**Supplied information**
————————

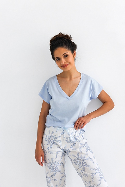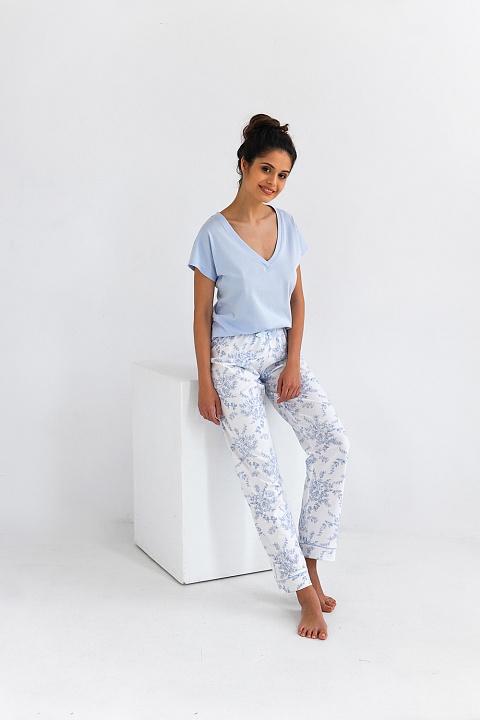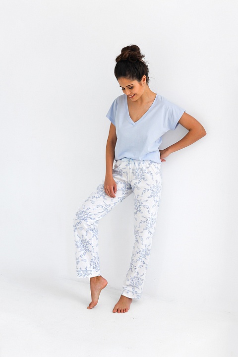 Пижама Gabrielle с футболкой и брюками. Футболка с глубоким v-образным вырезом горловины свободного кроя. Брюки прямого кроя с оригинальным растительным принтом. Декорированы атласным бантиком. Пижама идеально подойдет для сна и отдыха дома.
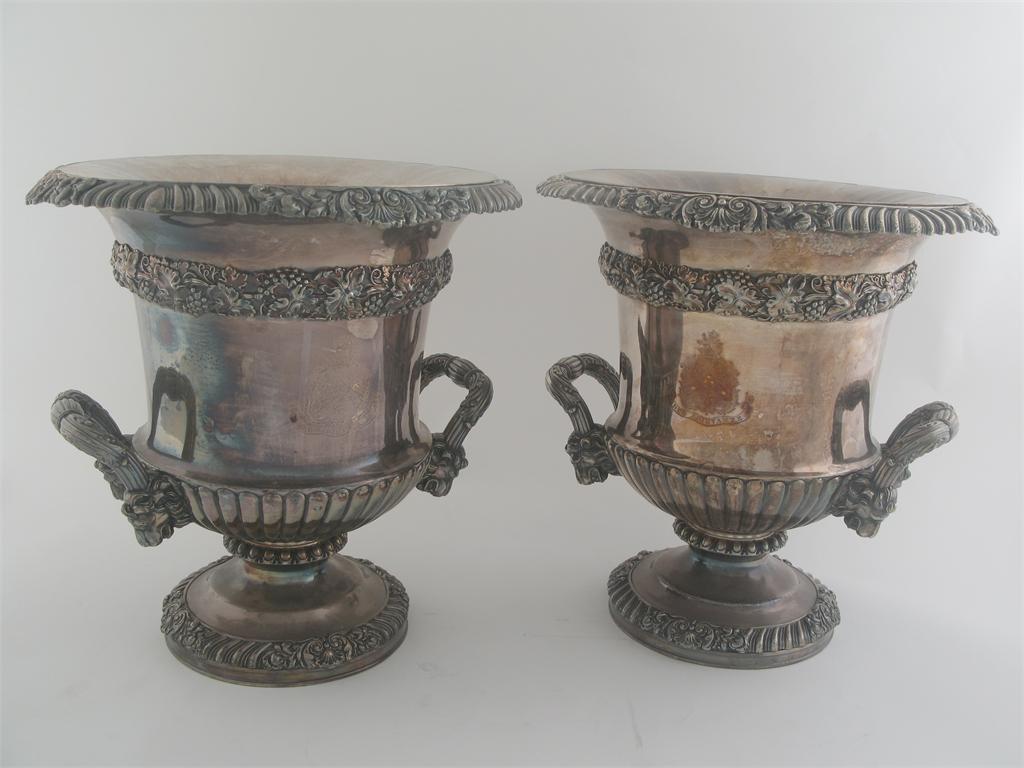 A pair of Old Sheffield plate wine coolers of campana form with part-fluting
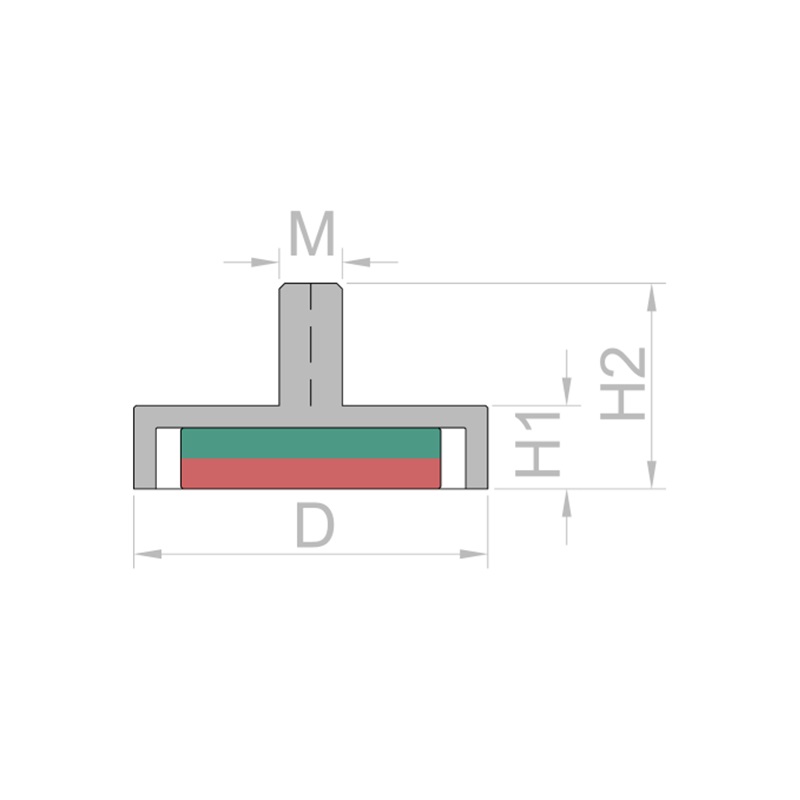 Este imán en recipiente con un diámetro de 16 mm cuenta con un vástago roscado. El vástago se puede introducir, p. ej., por un agujero y fijarlo con una tuerca. Este imán es muy apreciado para soluciones de iluminación, en el procesamiento del metal y en el equipamiento de cocinas y baños.
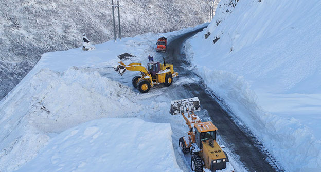 "Транскавказская магистраль, соединяющая Россию с Южной Осетией, продолжает оставаться закрытой. [...] производятся обстрел лавинных очагов и расчистка дорожного полотна. Всего к проведению работ привлекаются 63 человека и 11 единиц техники", - сообщается сегодня на сайте ГУ МЧС по Северной Осетии.

————————

Copy out every line of the material above precisely, omitting the pictures.

**Response to the exercise**
 Пижама Gabrielle с футболкой и брюками. Футболка с глубоким v-образным вырезом горловины свободного кроя. Брюки прямого кроя с оригинальным растительным принтом. Декорированы атласным бантиком. Пижама идеально подойдет для сна и отдыха дома.
 A pair of Old Sheffield plate wine coolers of campana form with part-fluting
 Este imán en recipiente con un diámetro de 16 mm cuenta con un vástago roscado. El vástago se puede introducir, p. ej., por un agujero y fijarlo con una tuerca. Este imán es muy apreciado para soluciones de iluminación, en el procesamiento del metal y en el equipamiento de cocinas y baños.
 "Транскавказская магистраль, соединяющая Россию с Южной Осетией, продолжает оставаться закрытой. [...] производятся обстрел лавинных очагов и расчистка дорожного полотна. Всего к проведению работ привлекаются 63 человека и 11 единиц техники", - сообщается сегодня на сайте ГУ МЧС по Северной Осетии.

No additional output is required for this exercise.